TASK GOAL -> Below are some records. Write out the lines from the one containing "Beyaz FCB Polo Yaka Unisex Oversize Sweat" to the last line, word for word, leaving out pictures.

(Dataset entries)
+ + + + + + +
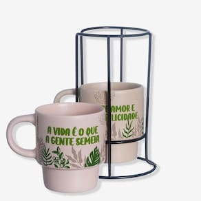Depois de um dia cheio de aventuras incríveis com quem você ama, vocês precisam de uma mãozinha na hora de tomar aquele cafezinho A gente te ajuda Com essa dupla seu café está a salvo, com 180ml cada e feitas em cerâmicas, é o match perfeito para salvar a sua tardeO produto é , feito em cerâmica e possui detalhe incríveis que vão fazer vocês se apaixonarem Se você precisa de uma mãozinha na hora do café, a gente te ajuda Essa dupla vai salvar a sua tarde, com 180ml de capacidade, possui o tamanho exato para os amantes de café Com alça ergonômica, base empilhável, além de acompanhar um suporte que facilita na hora de guardá-las Não importa se é no café da tarde ou da manhã, essa caneca te acompanha em todas as suas aventurasEspecificações:Altura: 8cm Comprimento: 7cm Largura: 7cm Material: Aço e cerâmica Capacidade: 180mlCuidados e recomendações de uso:Lavar com água, esponja macia e detergente neutro.Não vai ao micro-ondas, nem a lava-louças.Não utilizar químicos e abrasivos.Choques ou quedas podem trincar ou quebrar o produto, pois trata-se de um produto de cerâmica.
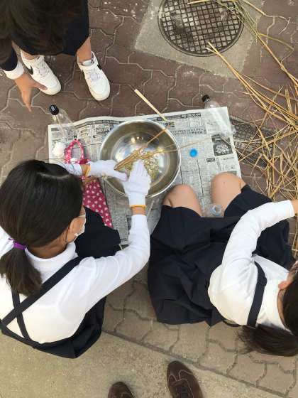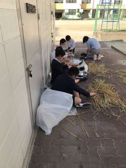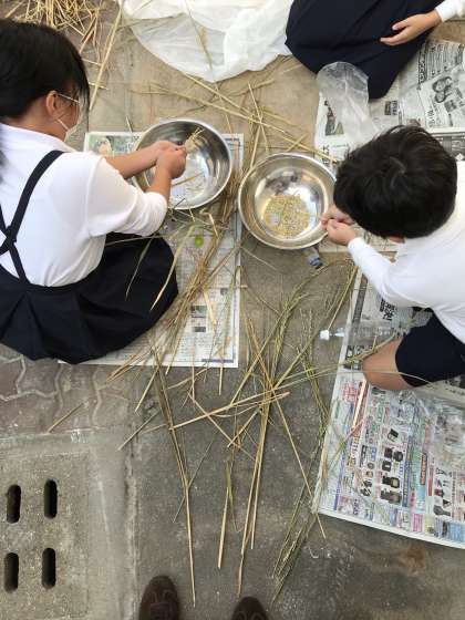 先日の委員会で環境委員会の児童が脱穀を行いました。
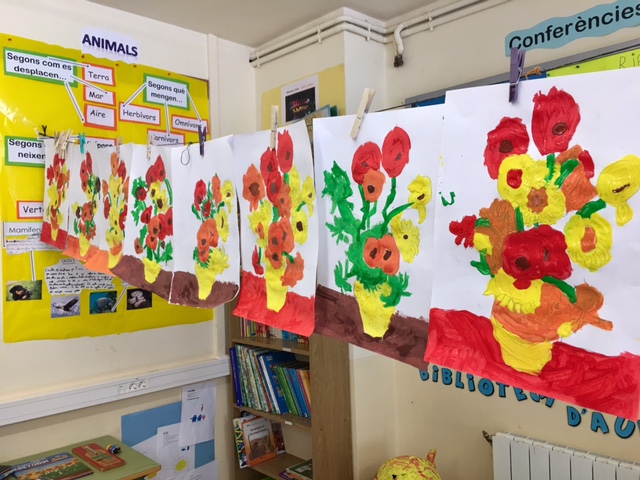 La setmana passada vam seguir treballant el nostre projecte d’Educació Artística, Van Gogh. Així, vam observar i analitzar un dels seus quadres més famosos: ELS GIRA-SOLS. Tenint en compte els colors que va utilitzar l’artista, entre d’altres coses, vam representar-lo nosaltres en una làmina, i el resultat va ser genial! Per acabar-ho d’arrodonir, el Pau
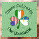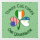Dieses Kleeblatt weist in jedem Blatt eine andere Flagge auf. Die Flaggen der Azoren, Irlands und der USA sind alle mit dabei. Design geschaffen, um St. Patrick's Day, 4. Juli, und Azorean Feiertage zu feiern. Der Hintergrund ist von hellgrünen quadratischen Quadraten. Worte oben lesen, DREI KULTUREN. Die Worte unten lesen EINEN IHREN NAMEN. Wörter zeigen dunkelgrün, keltischer Stil, kreisförmige Buchstaben. Geben Sie Ihren Namen an den richtigen Ort für die Personalisierung. Um ein individuelles Geschenk zu erstellen, fügen Sie den Namen eines anderen hinzu.
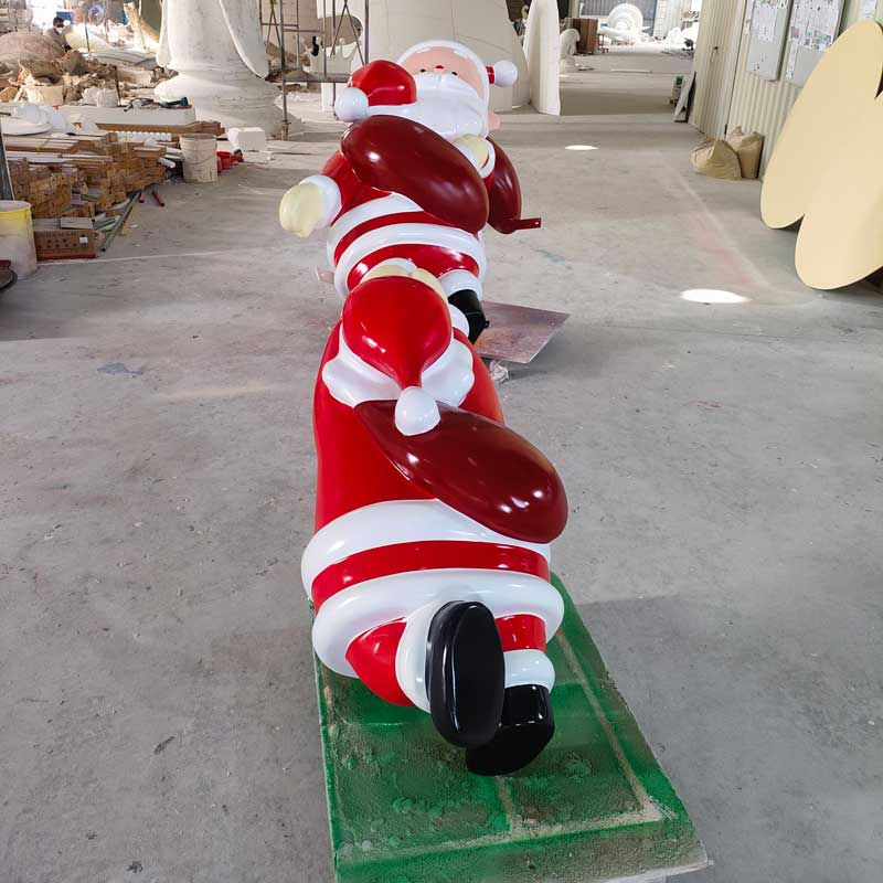 Tolili fiberglass Santa Claus statue – festive Christmas decoration for malls, hotels, and public displays. Custom sizes and designs available.
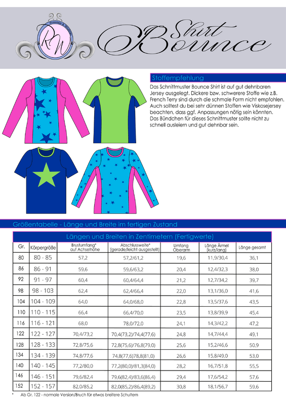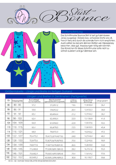 Das Schnittmuster ist in Echtgröße (du nähst hier nach echter Körpergröße) gradiert und enthält keine Naht- und Saumzugabe. Es umfasst die Größen 80 bis 152 und ist damit für eine Körpergröße zwischen 80 und 157cm geeignet. In den Dateien findest du die A4-Versionen zum Ausdrucken, eine A0-Datei sowie die Beamerdatei - alle Versionen inkl. Ebenen zum Ein- und Ausblenden der Größen. Bounce shirt ist auf Jersey ausgelegt.
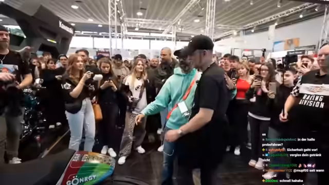 02:27:24Zurück von einem Essenstest, widmet sich der Streamer dem Thema Motorradführerschein. Im Chat werden Durchfallquoten diskutiert und er lädt die Zuschauer ein, ihm Theorie-Prüfungsfragen zu stellen. Er lässt sich verschiedene Prüfungsfragen zu Wildwechsel und Bremswegen bei Nässe stellen und beantwortet sie humorvoll und selbstkritisch. Parallel dazu unterhält er sich mit zufälligen Passanten, die ihn erkennen, und macht spontane Fotos, was die lockere und gesellige Atmosphäre der Messe widerspiegelt.
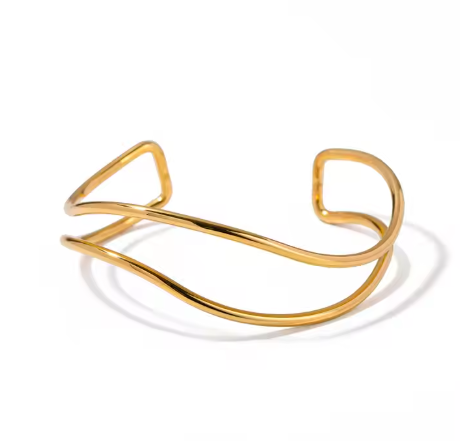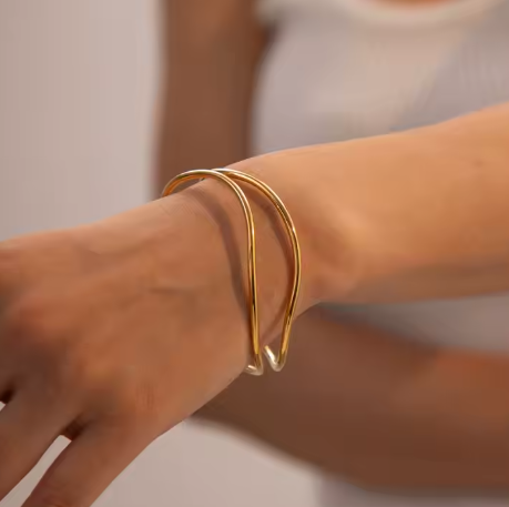Discover effortless sophistication with the New Trendy 18K Gold Plated Stainless Steel Double Layer Bangle — a beautifully minimal piece designed to elevate your everyday look. Featuring a sleek parallel line design, this open cuff bracelet offers a clean, structured silhouette that’s perfect for stacking or wearing solo.
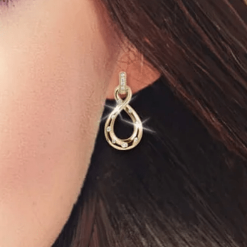 Add a touch of elegance to your outfit with these stunning 14K plated copper earrings adorned with sparkly synthetic zirconia. Perfect for weddings, parties, and all seasons.
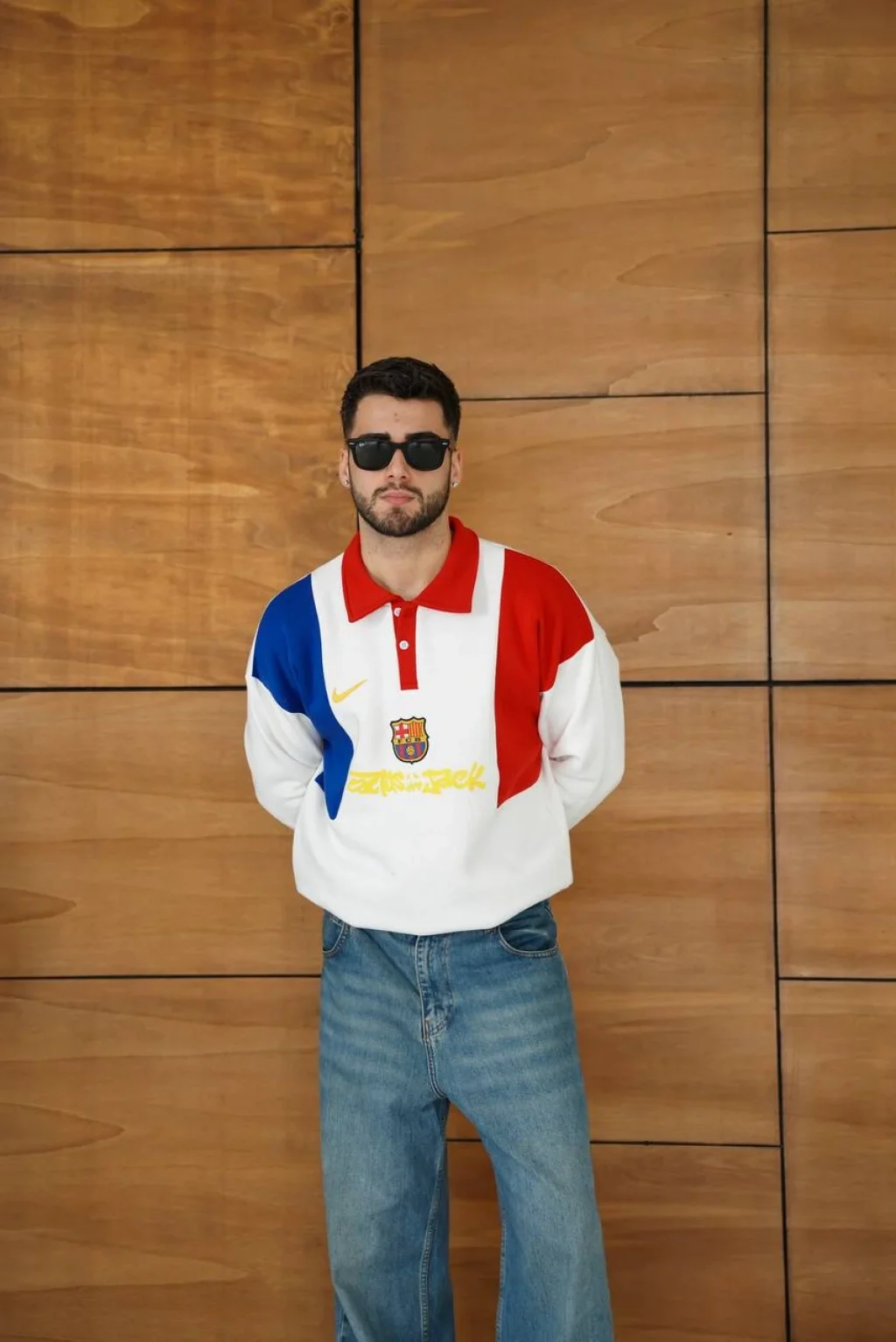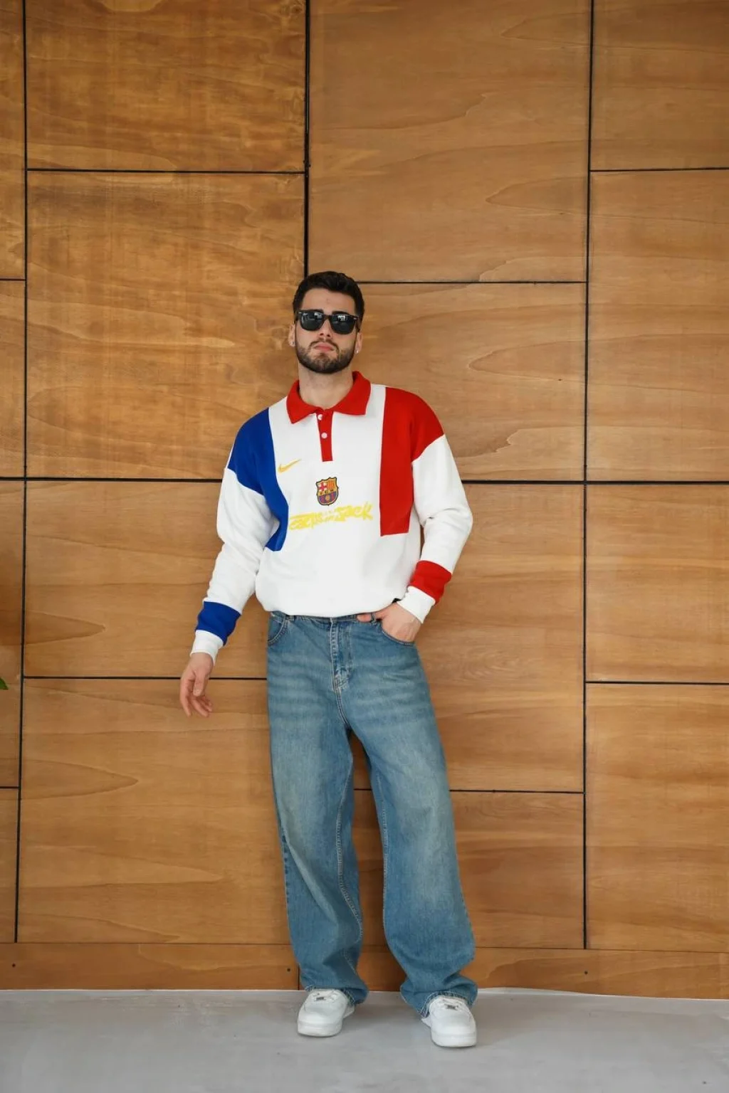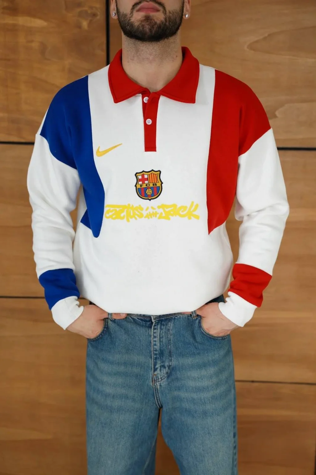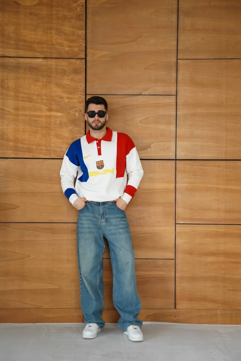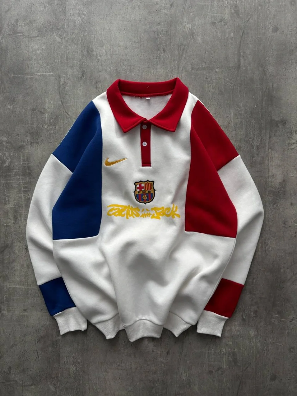Beyaz FCB Polo Yaka Unisex Oversize Sweat
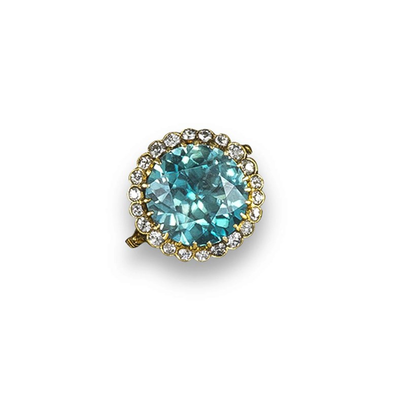 A blue zircon and diamond cluster ring, the circular cut zircon is set within a surround of old circular cut diamonds in yellow gold. Size M.
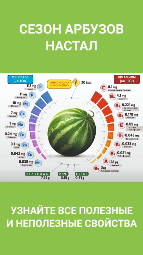 Начался сезон арбузов и поэтому хочу дать короткую информацию для его любителей. Я сама очень люблю арбуз, но изучив все его полезные и не очень полезные свойства, теперь употребляю этот плод умеренно. Арбуз относится к ягодам, и начну я с полезных качеств. В спелом арбузе мякоти содержатся глюкоза и фруктоза. По мере хранения плода скапливается сахароза. Содержание таких сладостей составляет около 13 процентов, но они усваиваются организмом легко. Калорий в ягоде не много, 100 гр. мякоти состоит из 38 ккал. Но содержится очень большое количество сахара. Для людей, страдающих избытком сахара в крови, употреблять нужно этот сладкий продукт с осторожностью. Арбуз имеет в своем составе ретинол (витамин А), аскорбиновую кислоту (витамин С), витамин Е, а также витамины группы В. Богат микроэлементами и антиоксидантами, необходимыми для организма человека. Содержащиеся в арбузе магний и различные антиоксиданты способствуют бороться со стрессами и помогают обрести радостные ощущения. Вмест
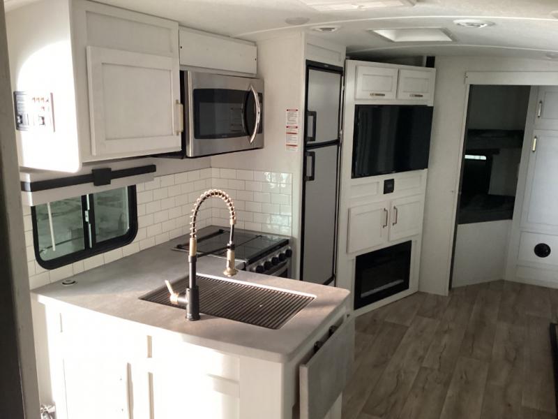 The family will love camping in this travel trailer! The kids can sleep in the rear private bunkhouse with the double-size bunk beds
+ + + + + + +
RESPONSE TO THIS EXERCISE ->
Beyaz FCB Polo Yaka Unisex Oversize Sweat
 A blue zircon and diamond cluster ring, the circular cut zircon is set within a surround of old circular cut diamonds in yellow gold. Size M.
 Начался сезон арбузов и поэтому хочу дать короткую информацию для его любителей. Я сама очень люблю арбуз, но изучив все его полезные и не очень полезные свойства, теперь употребляю этот плод умеренно. Арбуз относится к ягодам, и начну я с полезных качеств. В спелом арбузе мякоти содержатся глюкоза и фруктоза. По мере хранения плода скапливается сахароза. Содержание таких сладостей составляет около 13 процентов, но они усваиваются организмом легко. Калорий в ягоде не много, 100 гр. мякоти состоит из 38 ккал. Но содержится очень большое количество сахара. Для людей, страдающих избытком сахара в крови, употреблять нужно этот сладкий продукт с осторожностью. Арбуз имеет в своем составе ретинол (витамин А), аскорбиновую кислоту (витамин С), витамин Е, а также витамины группы В. Богат микроэлементами и антиоксидантами, необходимыми для организма человека. Содержащиеся в арбузе магний и различные антиоксиданты способствуют бороться со стрессами и помогают обрести радостные ощущения. Вмест
 The family will love camping in this travel trailer! The kids can sleep in the rear private bunkhouse with the double-size bunk beds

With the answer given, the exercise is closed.